Het is bekend dat er eerder pogingen zijn ondernomen om de private security sector te ordenen. De pogingen hebben niet geleid tot een ordening, het is onbekend waarom het niet eerder tot resultaat heeft geleid. In elk geval lijkt het ons niet verstandig dat de VSB het voortouw neemt bij een wettelijke ordening; de VSB wordt niet gedreven door de verplichtingen die de regering heeft. De regering zal uiteindelijk wetgeving maken en primair rekening houden met de internationale standaarden en secundair te specifieke behoeften van de bestaande bedrijven. De minister van JusPol gaf aan, dat het ministerie reeds bezig is geweest met concept wetgeving voor de security sector. Er is opnieuw gekeken naar de oude concept wetgeving en het wetgeving team van het ministerie is nu bezig met het aanpassen van die wetgeving naar huidige maatstaven. De VSB en de stakeholders die aanwezig waren hebben aangegeven samen met het ministerie te willen kijken naar hetgeen is opgenomen in de wet, zodat er door de security sector ook een inhoudelijke bijdrage kan worden geleverd aan dit wetsontwerp. Het ontwerp moet uiteindelijk een wetsproduct worden die door de gehele sector gedragen wordt.
Nogmaals, het moge duidelijk zijn dat de VSB de bal aan het rollen kan brengen, maar op den duur uit beeld zal moeten komen, omdat wetgeving volgens een bepaald proces gaat. Uiteindelijk zullen de Raad van Ministers, de Staatsraad en de DNA-leden de laatste stem hebben. We weten dat in het algemeen het bedrijfsleven niet happy is met verplichtingen die men van de Staat opgelegd krijgt. Er worden dan allerlei redenen opgeworpen waarom de regering niet in de positie is om verplichtingen aan de bedrijven op te leggen.

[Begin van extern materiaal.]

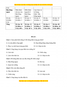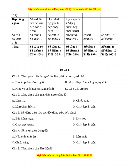 Tỉ lệ Bếp hồng Nắm được Hiểu được Lựa chọn và ngoại cấu tạo của nguyên lí sử dụng bếp hồng bếp hồng được bếp ngoại ngoại hồng ngoại Số câu Số câu: 4 Số câu: 4 Số câu: 8 Số câu Số câu: 16 Số điểm Số điểm: 1 Số điểm: 1 Số điểm: 2 Số điểm Số điểm:4 Tỉ lệ Tổng Số câu: 16 Số câu: 12 Số câu: 8 Số câu: 4 Số câu: 40 Số điểm: 4 Số điểm: 3 Số điểm: 2 Số điểm: 1 Số điểm: 10 Tỉ lệ: 40% Tỉ lệ: 30 % Tỉ lệ: 20% Tỉ lệ: 10% Tỉ lệ: 100% Đề số 1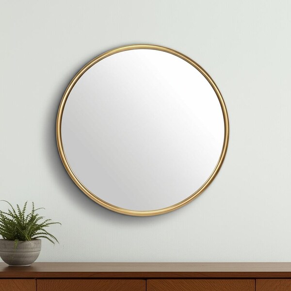 Beautify your space with this 24-inch gold metal round accent mirror. Framed with metal, this mirror will bring practical application and fashionable design to your space, adding some modern flair to your decor. This mirror will be a great useful addition to your home but will also help elevate the space in the room. Add this exceptional quality mirror to your space for a beautiful reflection and a bit of elevated style. 24-inch h x 24-inch w x 0.75-inch d.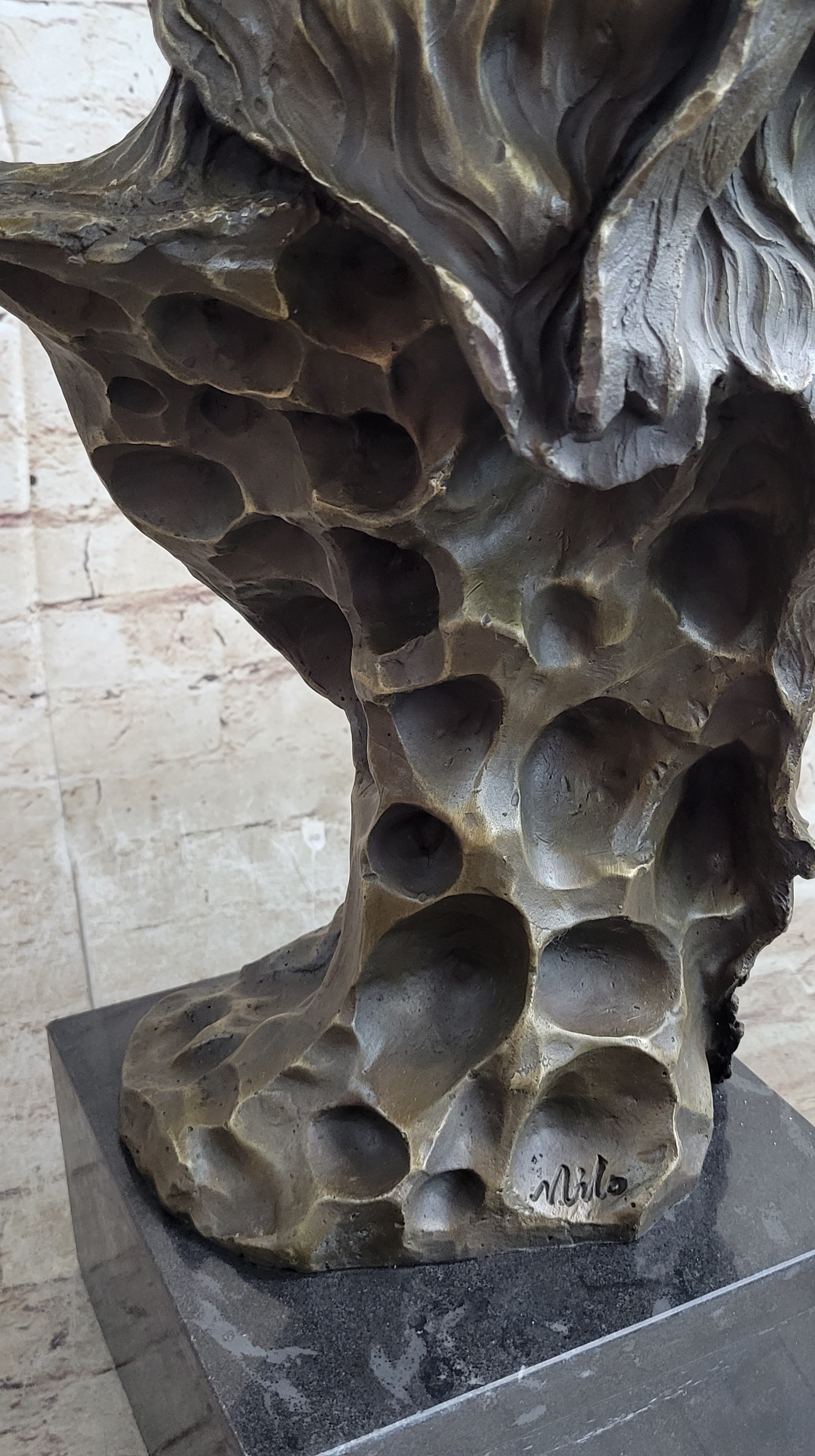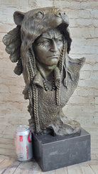 Crafted with meticulous attention to detail, this medium-sized sculpture was created using the time-honored lost wax method, a testament to the artisanal skill of the sculptor Milo. The piece stands proudly on a black marble base, underscoring the enduring value and significance of Native American traditions. Displayed in a home or gallery, this sculpture serves as a powerful reminder of the rich cultural heritage and the indomitable spirit of indigenous peoples, celebrating their acts of valor and the enduring symbolism of the wolf headdress.Bronze Dimensions with Marble Base: Height 22" X Width 12"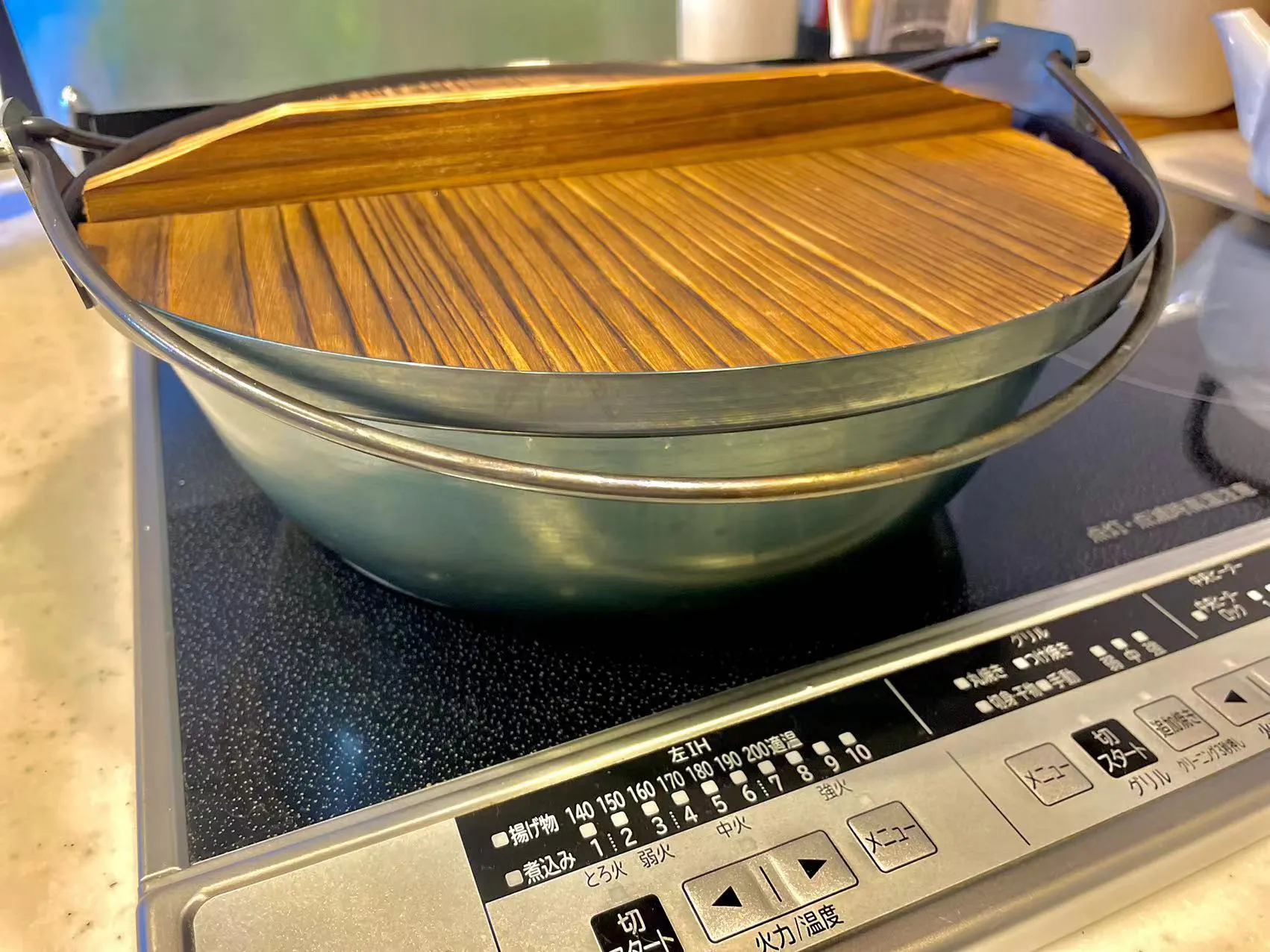 家庭で使う土鍋より軽量で具材を入れてIHで煮立てた後、テーブルに運ぶにも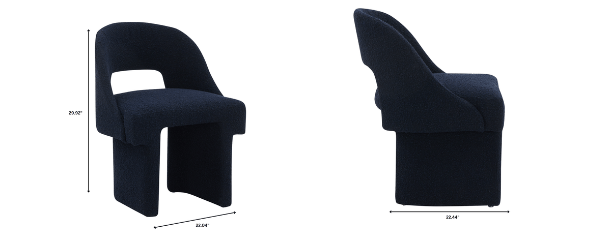- Upholstered in soft bouclé fabric, it combines modern aesthetics with a cozy, textured, and inviting feel.
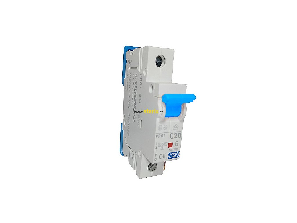 Jednofázový jistič SEZ PR61 C 20A na DIN lištu je jednopólový jistič s charakteristikou zátěže C a maximálním proudem 20 A.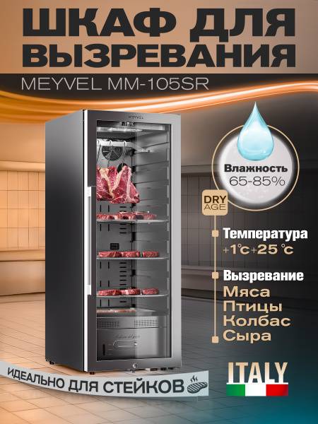 The Meyvel MM-105SR compressor-based dry-aging refrigerator is the perfect solution for restaurants, bars, or butcher shops. This freestanding meat refrigerator boasts a 172-liter capacity, holding up to 105 kg of meat and providing optimal dry-aging conditions. Its wide temperature range of +1°C to +25°C allows for precise control tailored to different meats. The stainless steel body and glass door offer both practicality and a sophisticated appearance suitable for any establishment. Internally, the refrigerator features adjustable feet for leveling, integrated hooks, a salt tray, and stainless steel shelves for easy organization and efficient drying. A water reservoir enables humidity control between 60% and 85%, crucial for even aging. In case of power outages, the memory function retains settings, automatically restoring the temperature upon power restoration. Intuitive controls, interior lighting, an open-door alarm, and temperature deviation alerts make the Meyvel MM-105SR easy and convenient to operate.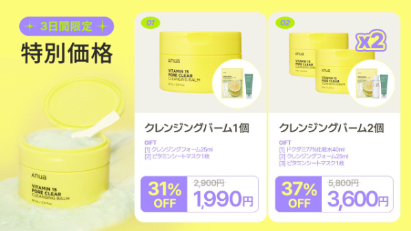 たけたろう×アヌア(ANUA)コラボ開発!ビタミン15 ポアクリア クレンジングバーム発売!!QOO10(キューテン)にて取扱い。共同開発を記念して3日間限定で特別セールを実施♪さらに先着特典としてフォトカードをプレゼント!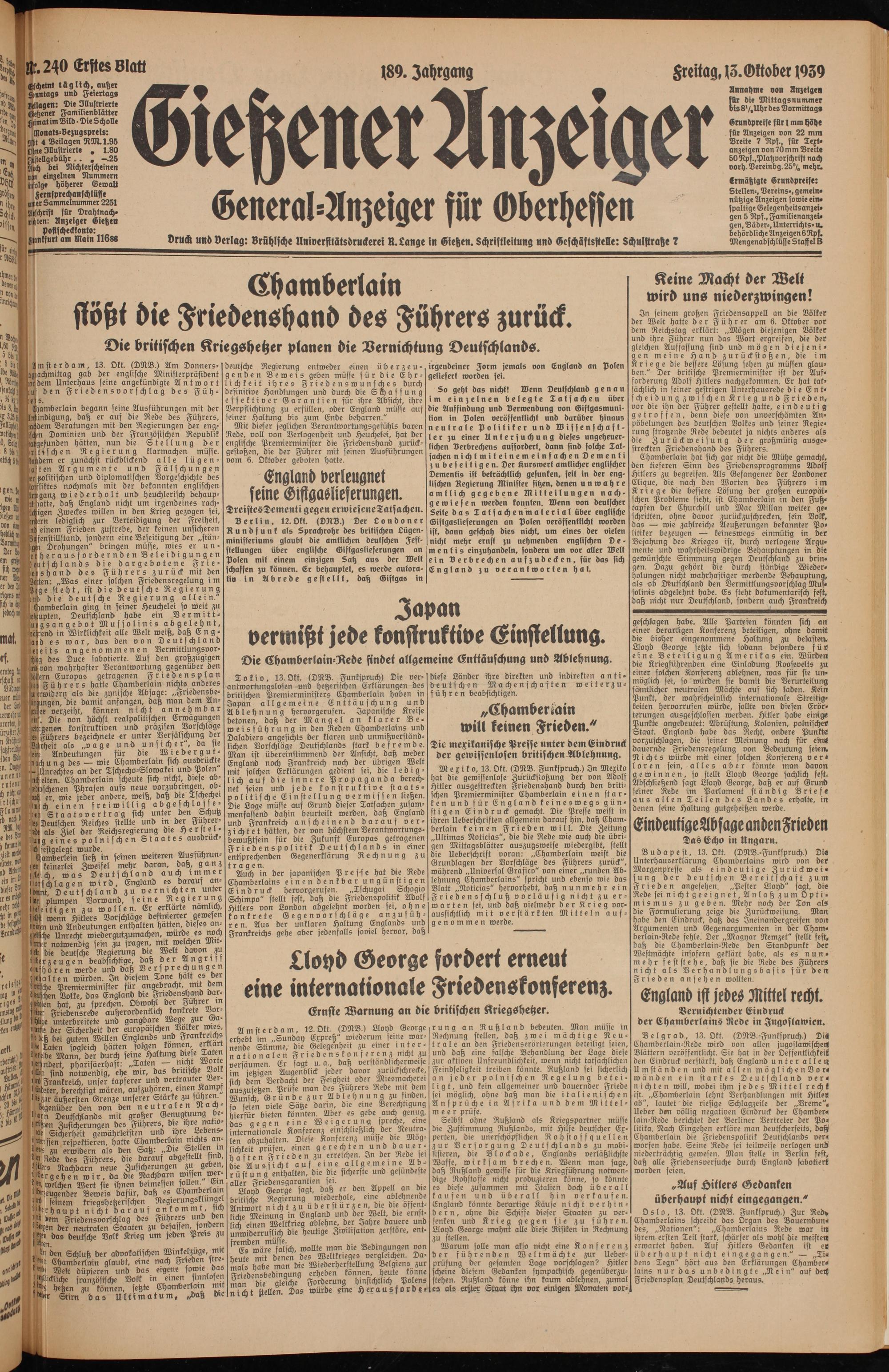 Gießener Anzeiger. 1868-1943

Ordening en standaardisering van de sector betreffen niets anders dan het opleggen van vereisten aan de sector via wetgeving. En hoever die vereisten zullen gaan is niet in handen van de VSB, dus het zal uiteindelijk leiden tot ontevredenheid.
Ten slotte willen we benadrukken dat er ISO standaarden zijn voor security bedrijven. Ook is er de International Code of Conduct for Private Security Service Providers (ICoC) waaruit kan worden geput voor de wetgeving. Een andere standaard is de ‘UN Compilation Of Good Practices on Legal and Institutional Frameworks and Measures That Ensure Respect For Human Rights by Intelligence Agencies while Countering Terrorism’. Ook kan er geput worden uit EU-richtlijnen van de Europese Commissie. We hopen dat het nu aan JusPol wel lukt om weloverwogen en zonder en partijdige insteek te komen tot wet en regelgeving voor de security sector. Deze wetgeving is van belang als de regering de security sector als plan B wil inzetten bij eventuele noodzaak en calamiteiten.